18F-FDG PET/CTE Technique
Patients were instructed to avoid sugar-containing foods and strenuous physical activity for 24 h. Oral intake was limited to water for 6 h before arrival. The 18F-FDG dose and CT tube current (mA) were reduced, after the first 4 patients, to further minimize the radiation dose of PET/CTE while maintaining diagnostic image quality. The first 4 patients received an intravenous 18F-FDG dose of 414–773 MBq (mean, 529 MBq [14.3 mCi]; mean, 6.7 MBq/kg [0.18 mCi/kg]), and the last 9 patients received 181–222 MBq (mean, 196 MBq [5.3 mCi]; mean, 3.3 MBq/kg [0.09 mCi/kg]). The mean dose for all 13 patients was 300 MBq (8.1 mCi; 4.25 MBq/kg [0.11 mCi/kg]). The 18F-FDG uptake period ranged from 57 to 94 min (mean, 71 min). Blood glucose levels were measured immediately before tracer administration in all patients and ranged from 76 to 132 mg/dL (mean, 94 mg/dL).

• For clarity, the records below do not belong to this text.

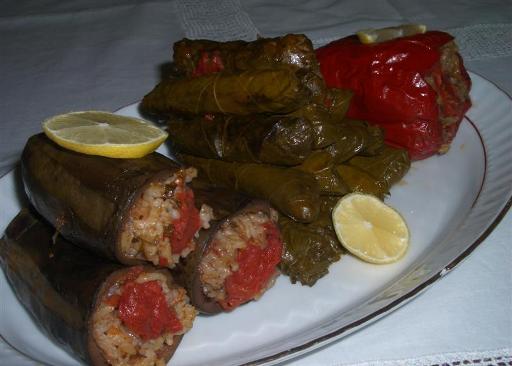 Dolma / Sarma (farci plein / entourer emballer) ressemble aux dolmades grecs, ce sont des feuille de vigne (ou choux, poireaux) sont enroulées dans un mélange de riz boulgour avec ou sans viande avec eventuellement d'autre ingrédients. Consommés chauds ou froids (yaourt, de la menthe séchée, de l'origan, du poivron rouge et de l'huile).
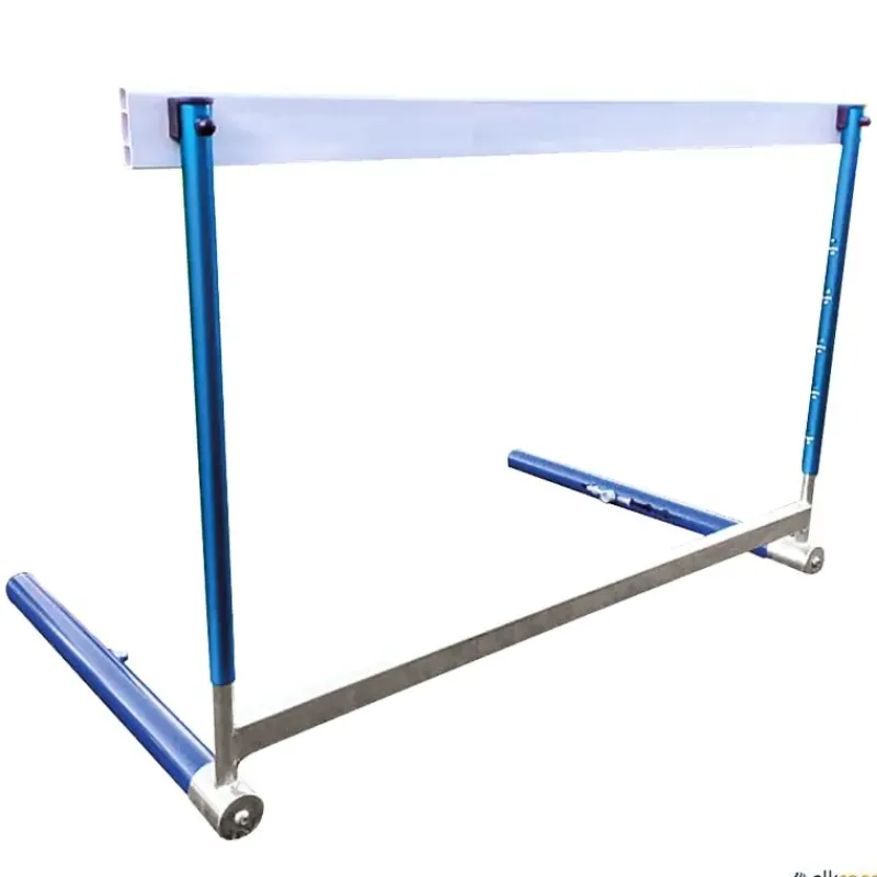 Valla de atletismo de competición y entrenamiento de gran calidad. Parte superior fabricada en tubo redondo de aluminio anodizado en color azul brillante, parte inferior en tubo redondo de acero pintado al polvo en azul vivo. Alturas de fácil ajuste. Listón de valla de plástico.
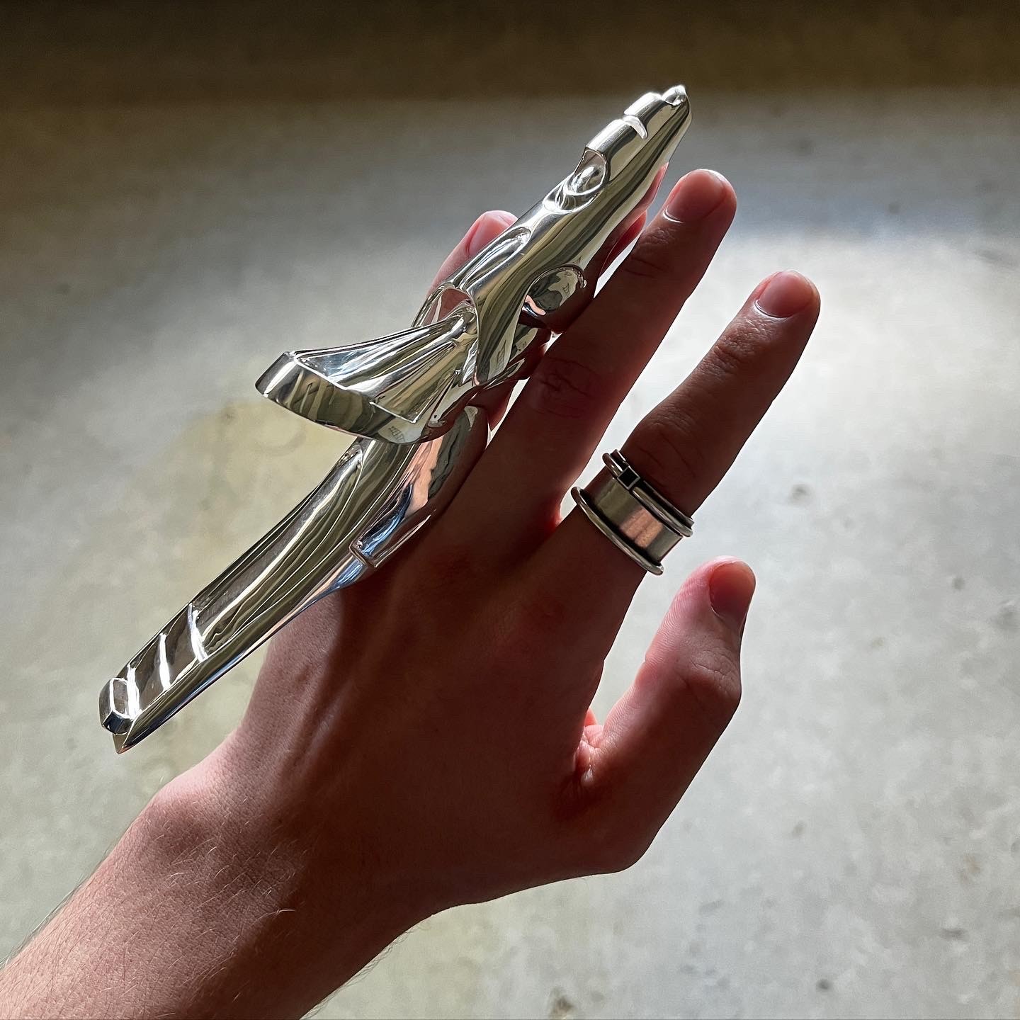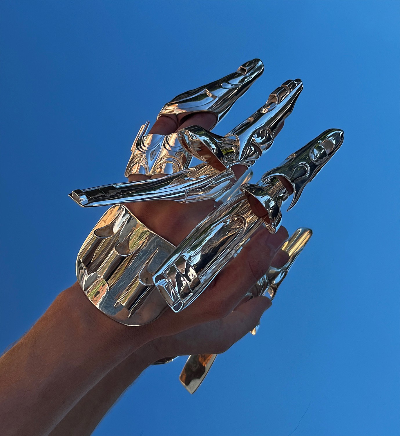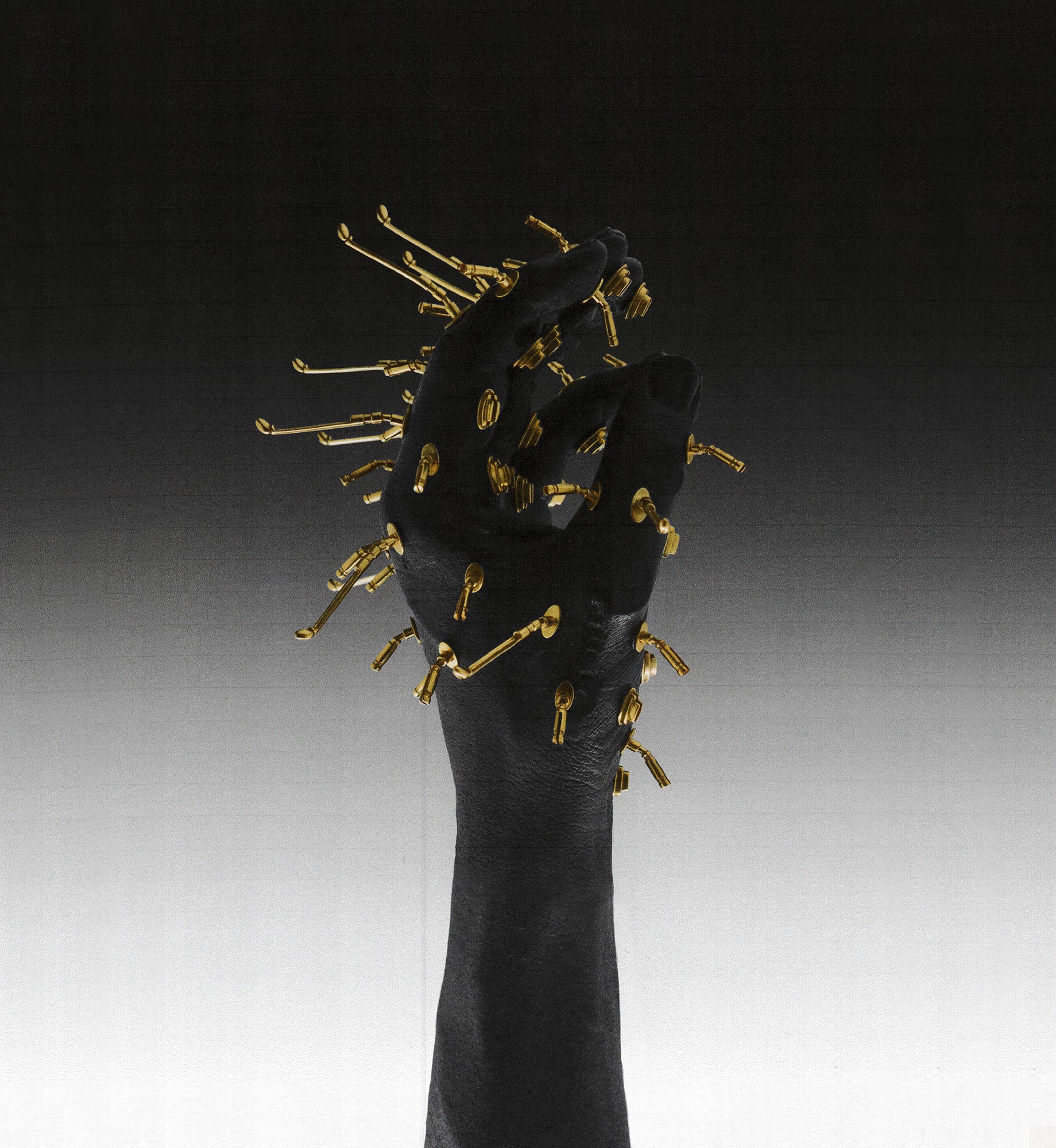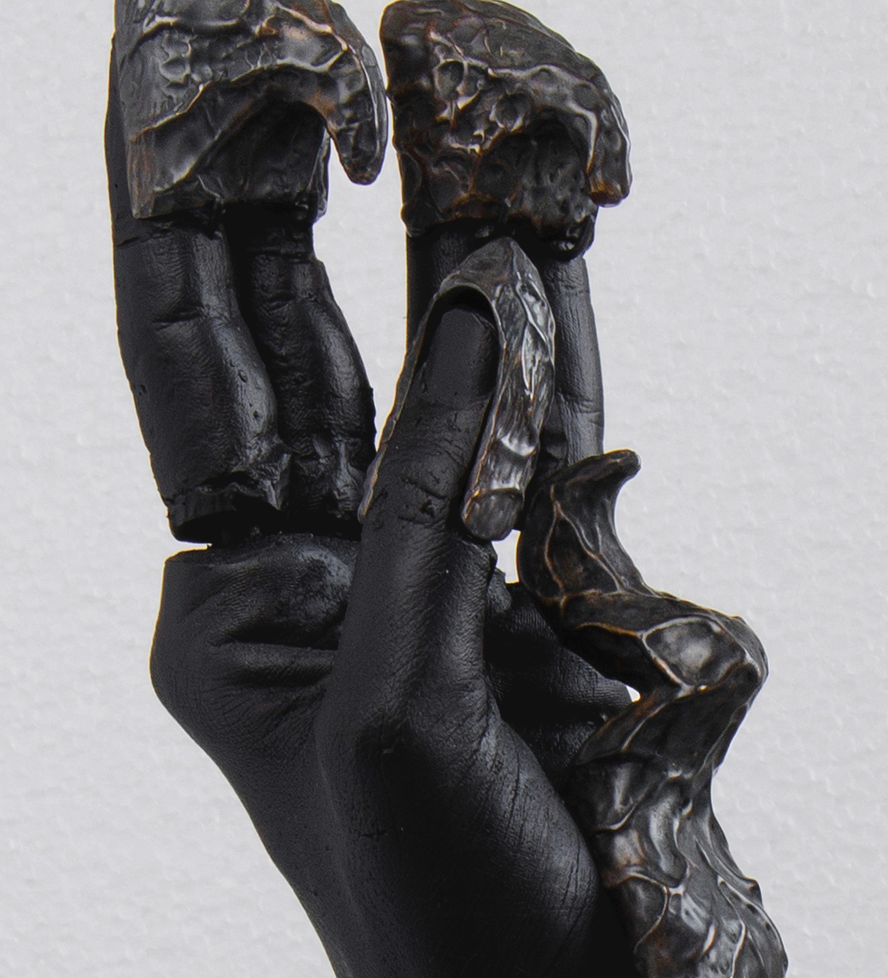 A series of three metal hand sculptures made from silver and brass,
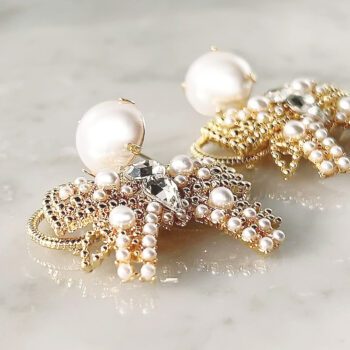 ぷっくりしたリボンモチーフには、高品質なクリスタルストーンやパールを散りばめ、揺れるたびにラグジュアリーに顔周りを彩ります。モノトーンコーデやお呼ばれコーデにもぴったりで、SNS映えも◎シーズンレスで着用でき、贈り物にも大変喜ばれます。 -

Immediately after 18F-FDG administration, all patients drank 1,350 mL of a refrigerated neutral oral contrast agent (0.1% w/v barium sulfate suspension; VoLumen [E-Z-EM, Inc.]) during the 60 min before imaging. A Discovery VCT (GE Healthcare) PET/CT scanner with 64-detector row CT was used. After voiding, patients underwent a single CT acquisition of the abdomen and pelvis using intravenous iopromide (300 mgI/mL; Ultravist [Bayer Healthcare Pharmaceuticals]). Twelve patients received 150 mL at 3 mL/s, with a 70-s scan delay, and 1 patient with fragile veins received 70 mL at 1.5 mL/s. CT was performed with 120 kVp, a 1.375 pitch factor, and a 0.6-s rotation time. The tube current was 200–300 mA (mean, 250 mA; mean mA-to-BMI ratio, 8.7) in the first 4 patients and 100–250 mA (mean, 137 mA; mean mA-to-BMI ratio, 5.7) in the remaining 9 patients. Mean tube current for all 13 patients was 172 mA, and mean mA-to-BMI ratio was 6.7. PET images were obtained from bottom to top in 2-dimensional mode, allowing 4 min per bed position.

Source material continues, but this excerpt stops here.